Depuis le fameux « enrichissez-vous ! » et la corruption politique érigée en moyen de règne, le vice et l’effronterie ont de plus en plus pris leurs coudées franches et semblent parvenus sous l’Empire au plus beau degré de floraison. Mais l’humanité est de nature progressive ; chaque jour des procès nouveaux, de scandaleuses chroniques, le langage même de ces drôles, redevenus naïfs de par la perte complète du sens moral, nous dévoilent des audaces et des abjections nouvelles. Tout mouvement s’accélère par sa propre force, et qui sait ce que nous garde l’avenir jusqu’au jour de l’effondrement ?

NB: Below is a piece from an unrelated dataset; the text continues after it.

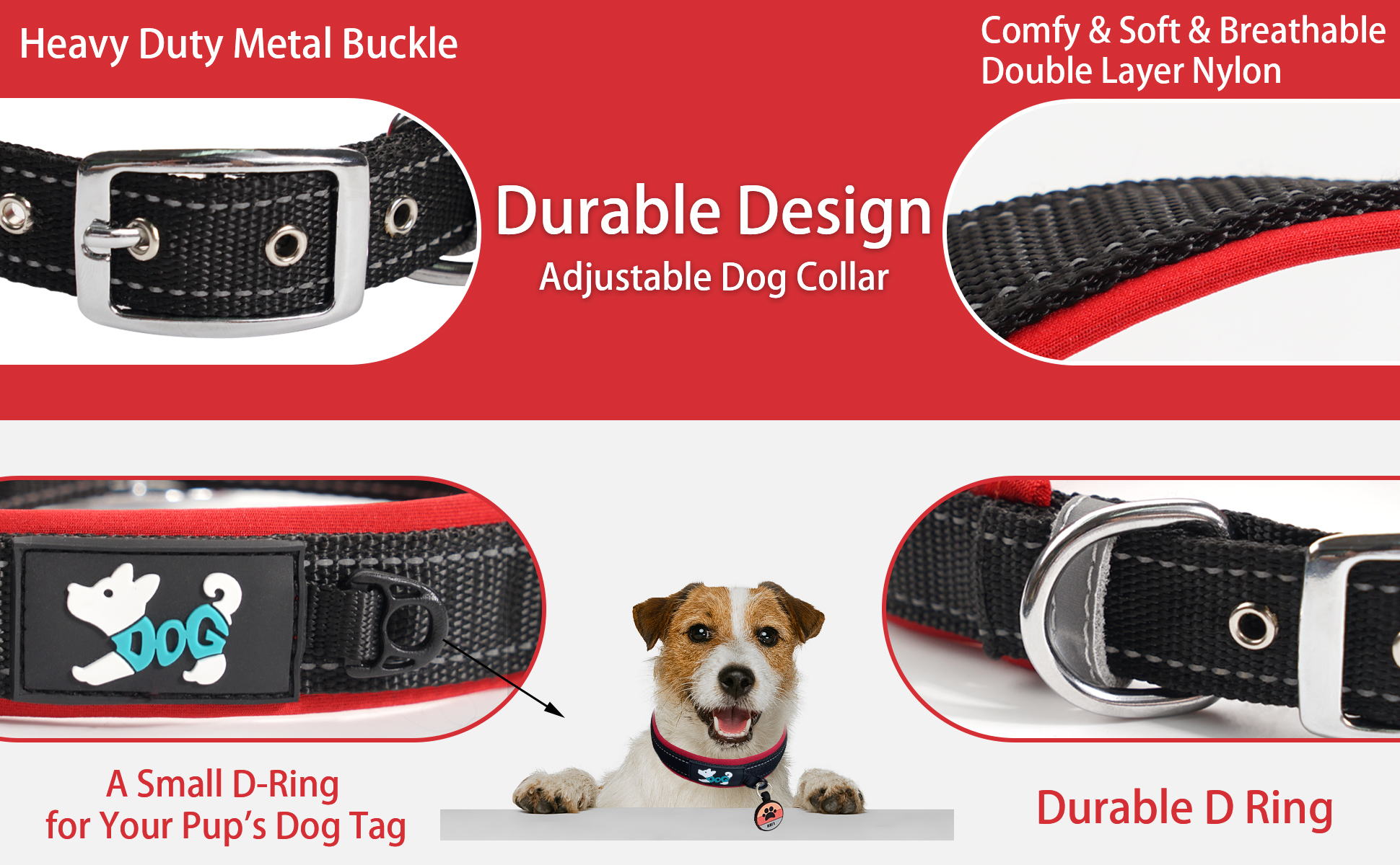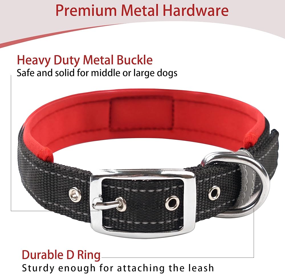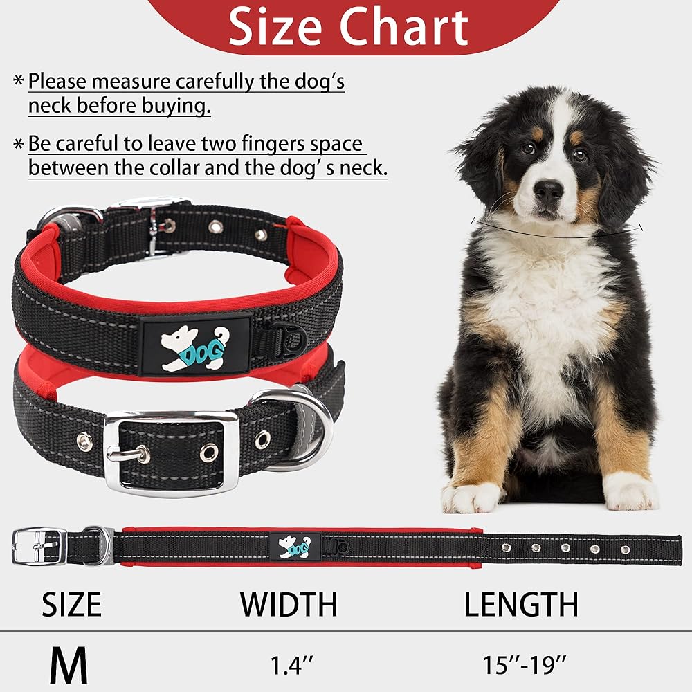 Adjustable Size - Our soft dog collar has a total length of 22 inches. M size fits 15-19 " neck; Our reflective nylon dog collar has a double-layer structure, suitable for energetic, strong and naughty dogs. (Please measure the neck of the dog and leave two fingers free before ordering, and then refer to the size chart to purchase.

» Mon cher Roger, que peuvent aller faire dans cette galère des hommes doués de probité et de délicatesse ? Pauvres, ils y sont immédiatement foulés aux pieds ; armés comme vous de certains avantages de fortune et de position, ils ne font qu’y végéter. Vous avez de vous-même rebroussé chemin devant des infamies auxquelles vous ne vouliez pas participer ; si vous aviez entrepris la lutte, comme le font des hommes de foi robuste, vous auriez été brisé. Mais vous n’étiez que naïvement ambitieux, voulant parvenir par le talent et l’honnêteté. Vous voilà débarrassé de cette illusion. Mettez donc franchement de côté l’ambition elle-même.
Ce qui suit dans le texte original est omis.